● Data shown:
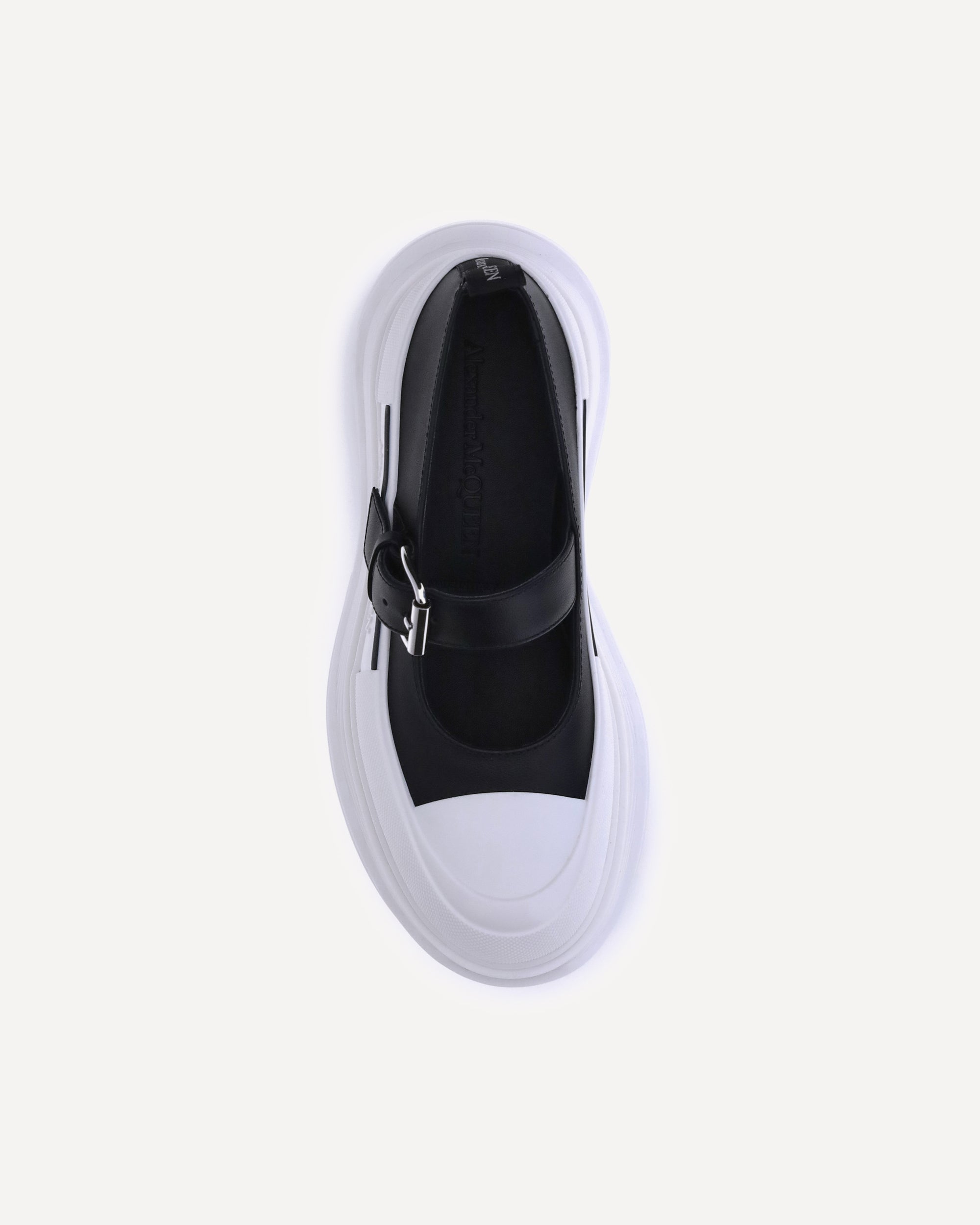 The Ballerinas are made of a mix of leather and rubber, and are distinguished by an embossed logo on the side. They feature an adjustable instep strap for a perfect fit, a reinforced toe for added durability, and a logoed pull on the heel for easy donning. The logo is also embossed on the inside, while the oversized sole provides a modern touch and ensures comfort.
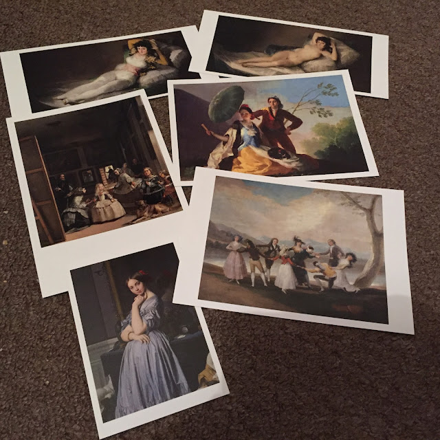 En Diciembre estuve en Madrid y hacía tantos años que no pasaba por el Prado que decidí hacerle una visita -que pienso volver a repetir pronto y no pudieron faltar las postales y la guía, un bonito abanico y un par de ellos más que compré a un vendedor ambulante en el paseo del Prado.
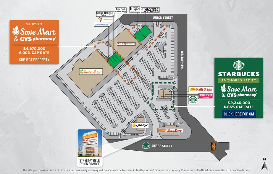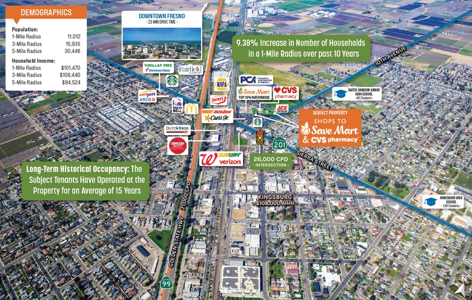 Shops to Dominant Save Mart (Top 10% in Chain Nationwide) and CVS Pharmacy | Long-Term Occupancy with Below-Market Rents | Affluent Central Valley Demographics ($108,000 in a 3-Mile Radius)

● Work to be completed: Copy exactly the lines from the line that holds "En Diciembre estuve" to the end of the listing, both included. Leave the pictures out.

● The answer:
 En Diciembre estuve en Madrid y hacía tantos años que no pasaba por el Prado que decidí hacerle una visita -que pienso volver a repetir pronto y no pudieron faltar las postales y la guía, un bonito abanico y un par de ellos más que compré a un vendedor ambulante en el paseo del Prado.
 Shops to Dominant Save Mart (Top 10% in Chain Nationwide) and CVS Pharmacy | Long-Term Occupancy with Below-Market Rents | Affluent Central Valley Demographics ($108,000 in a 3-Mile Radius)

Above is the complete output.